Chronic stress is associated with accelerated biological ageing through inflammatory and cardiovascular pathways, and stress management consistently appears in the cohort literature as a contributor to aging well. Epel and colleagues’ 2004 paper in Proceedings of the National Academy of Sciences was one of the first to link chronic psychological stress to shortened telomere length, a cellular marker of biological aging, and a substantial literature has built on the finding since. The specific stress-management method matters less than the consistency. Some people do meditation. Some people do gardening. Some people do long walks. Some people do regular contact with close friends, which doubles up with item 2. What does not work, on the available evidence, is ignoring chronic stress or treating it as a personal weakness to push through.

What the list does not promise

The ten habits above are population-level associations. They describe what the research finds, on average, across large groups of older adults. They do not describe any particular life.

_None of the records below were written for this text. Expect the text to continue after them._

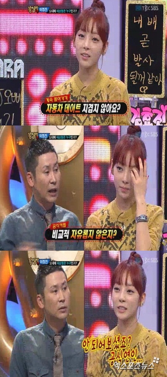 구하라는 "서로 바쁘다 보니 만날 시간을 내는 것도 쉽지 않다"고 하자 장난끼가 발동한 신동엽은 "자동차 데이트가 지겹지 않느냐"며 "공식적 연인이니 당당히 만나는 것은 어떠냐"고 질문했다.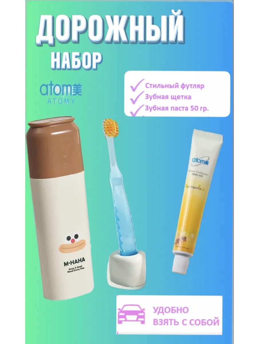 Дорожный набор зубная паста + зубная щетка. детский набор от Atomy — это идеальный компаньон для маленьких путешественников. Набор включает в себя детскую зубную пасту с приятным вкусом , мягкую зубную щетку и футляр Конструкция контейнера плотная, не скользит в руке. Плотно прилегающая крышка, которую можно открыть легким движением, Компактный размер набора позволяет удобно взять его с собой в дорогу, в гости или на прогулку. С Atomy ваш ребенок всегда будет иметь чистую и здоровую улыбку, где бы он ни находился. Компактный и удобный набор включает в себя все необходимое для чистки зубов: фторсодержащую зубную пасту Atomy, эффективно очищающую зубы от налета и защищающую от кариеса, и мягкую зубную щетку с удобной ручкой. Благодаря своему небольшому размеру, набор легко помещается в дорожную сумку или косметичку, не занимая много места. Он станет незаменимым помощником для поддержания здоровья и свежести улыбки в любой ситуации.Зубная паста совмещает ежедневный уход и профилактику, с мягким отбеливанием на 1-2 тона в месяц и надежную защиту от кариеса. Активные элементы в составе пасты обеспечивают защиту зубов и десен, предотвращают отложение зубного камня, быстро и эффективно уничтожают налет и бактерии, которые являются источником неприятного запаха. Основными ингредиентами в составе пасты являются: экстракт ПРОПОЛИСА (природный антисептик, антибиотик с антибактериальным и противовоспалительным эффектом для предотвращения распространения различных бактерий и вирусов) и экстракт ЗЕЛЕНОГО ЧАЯ (катехины в его составе, усиливают иммунитет, обладают эффектом антиоксидантов и антибиотиков, благодаря дезодорирующему действию эффективно удаляет неприятный запах) Подарочный набор в пластиковом контейнере станет отличным сюрпризом на любой праздник новый год, 23 февраля, 8 марта, день рождения, день всех влюбленных или будучи преподнесённым просто так. Подарите его своей любимой,сыну, дочке,, другу, подруге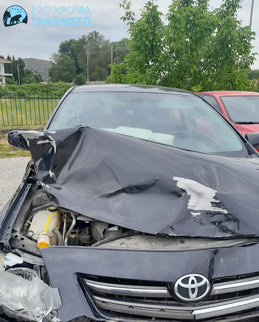 Φωτογραφία από το ΙΧ που ενεπλάκη στη σύγκρουση με το άγριο ζώο:
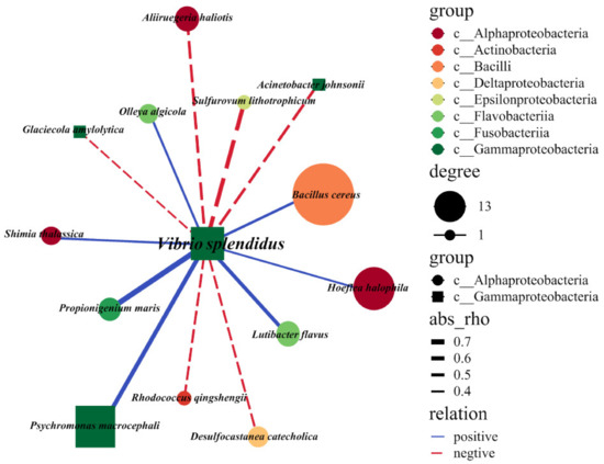 To reveal which resident taxa activate or repress the pathogen, we focused on the modules of V. splendidus. We identified 13 OTUs that interacted directly with V. splendidus during the infection (Figure 4). The types of interaction between the core OTUs and V. splendidus exhibited a distinct distribution. For example, Psychromonas macrocephali, Propionigenium maris, Bacillus cereus, Lutibacter flavus, and Hoeflea halophila reacted positively to V. splendidus infection, whereas Aliiruegeria haliotis, Sulfurovum lithotrophicum, Acinetobacter johnsonii, Glaciecola amylolytica, Rhodococcus qingshengii, and Desulfocastanea catecholica reacted negatively to V. splendidus during the process of the V. splendidus infection of the sea cucumber (Figure 4). Psychromonas macrocephali, Hoeflea halophila, and Bacillus cereus had higher abundances than the bacteria with negative networks.

The cleanness of the findings is part of what makes them appealing, and part of what makes them misleading. Cohort data smooths out the texture of how aging actually goes for any one person. The people in those studies who did most things right still got sick, still lost people they loved, still found their bodies doing things they had not asked them to do. The people who did most things wrong sometimes lived into their nineties without much complaint. Genetics, accumulated life history, healthcare access, and chance all matter alongside daily behaviour, in proportions nobody can quite specify.

What the list offers, in the end, is a more accurate picture than the wellness genre tends to provide, of what the people who aged well in the long cohort studies were actually doing day to day. Whether following the list will produce the same outcome for any given reader is a question the research cannot answer, and probably never will. The habits are worth taking seriously. Whether they are worth taking as seriously as we want to take them is harder to say.